The report does not emphasize the responsibility of executives or the working mechanisms of the World Bank, so this practice can be defined as institutionalized clientelism. According to Pape Demba Thiam, a Swiss-Senegalese economist who has worked for 14 years at the World Bank, “this means that the study actually focuses only on the emerging part of the iceberg, and it is no coincidence that the institution has tried to censor it. There is supposed to be a deeper corruption of African leaders.” According to Yves Ekoué Amaïzo, Togolese economist and politician, director of Afrocentricity Think Tank, the World Bank has built, with total impunity, a system of corruption and irresponsibility of the elites of poor countries.
In any case, the report shows the deficiencies in the management of aid granted to the most fragile countries – which do not take full advantage of them – to the detriment of the weakest sectors of the population. What emerges from this research would require a response from the highest levels of the international institution, precisely because its mission and role are questioned.
Meanwhile, the consequences of this tax evasion have strong repercussions on the economies of African countries. Although the report does not quantify the damage that countries are suffering as a result of aid diverted to tax havens, it should be remembered that, according to United Nations studies, if Africa were able to reduce illicit financial outflows, it could have access to 89 billion dollars a year, a figure that is reached from the sum of capital flight, illegal tax and commercial practices – such as false invoicing of commercial exchanges – and criminal activities that run illegal and corrupt markets.
On September 28, 2020, Mukhisa-Kituyi, Secretary General of the United Nations Conference on Trade and Development (UNCTAD), said: “Illicit financial flows deprive Africa and its people of future prospects, undermine transparency and responsibility, and they break trust in the institutions of the continent.”
Between 2000 and 2015, capital evasion from Africa totaled $836 billion.

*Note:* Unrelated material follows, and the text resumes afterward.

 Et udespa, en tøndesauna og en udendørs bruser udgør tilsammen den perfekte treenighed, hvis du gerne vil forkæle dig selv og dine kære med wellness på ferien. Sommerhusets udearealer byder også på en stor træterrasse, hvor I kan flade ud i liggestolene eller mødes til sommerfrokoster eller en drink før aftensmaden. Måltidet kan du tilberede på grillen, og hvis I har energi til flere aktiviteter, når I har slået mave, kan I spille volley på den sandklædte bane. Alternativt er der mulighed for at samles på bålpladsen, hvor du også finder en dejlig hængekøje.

If we compare it with the total external debt of the continent, which in 2018 was $776,000 million, we perceive that Africa is, in fact, a net creditor of the rest of the world.

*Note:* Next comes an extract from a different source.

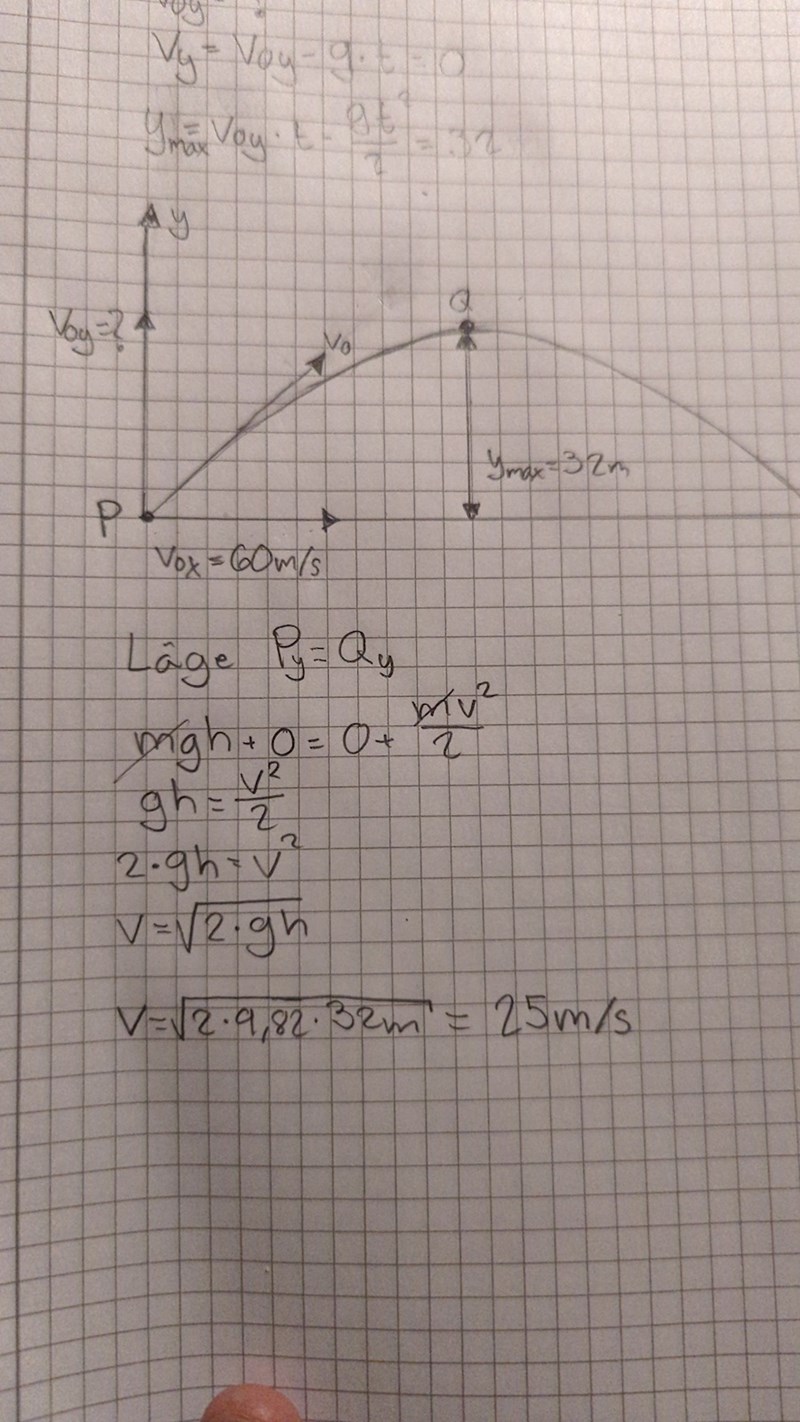 Du vet hur mycket bollen har ökat sin potentiella energi när den når maxpunkten. Eftersom den totala mekaniska energin är konstant så måste den ha minskat sin kinetiska energi precis lika mycket.

25 billion evaded each year
Tax evasion costs Africa more than $25 billion a year. This is what emerges from a study conducted by a network of non-governmental organizations, including the Global Alliance for Tax Justice. In a time of fighting the pandemic, this evasion is considered “unacceptable”, since, among other considerations, it reduces the income that African countries could dedicate to health. According to these organizations, multinationals – local or foreign – that operate in Africa have withdrawn 23 billion dollars from the countries where they work. To this sum, just over 2 billion that rich Africans have transferred to tax havens must be added. The country most affected by this phenomenon is Nigeria, followed by South Africa, Egypt, and Angola. But even a country like Mauritius, considered by some to be a tax haven, is a victim of this phenomenon, with an estimated loss of 60 million dollars. As a recent OCSE report revealed, this evasion is not always illegal, as many multinationals, particularly in the mining sector negotiate advantageous tax conditions with the states in exchange for their investments. But, legal or not, this capital evasion hampers the economy of these countries. The Global Alliance for Tax Justice estimates that tax evasion in Africa accounts for, on average, half of state health budgets. If that money stayed on the continent, 10 million more nurses could be hired a year.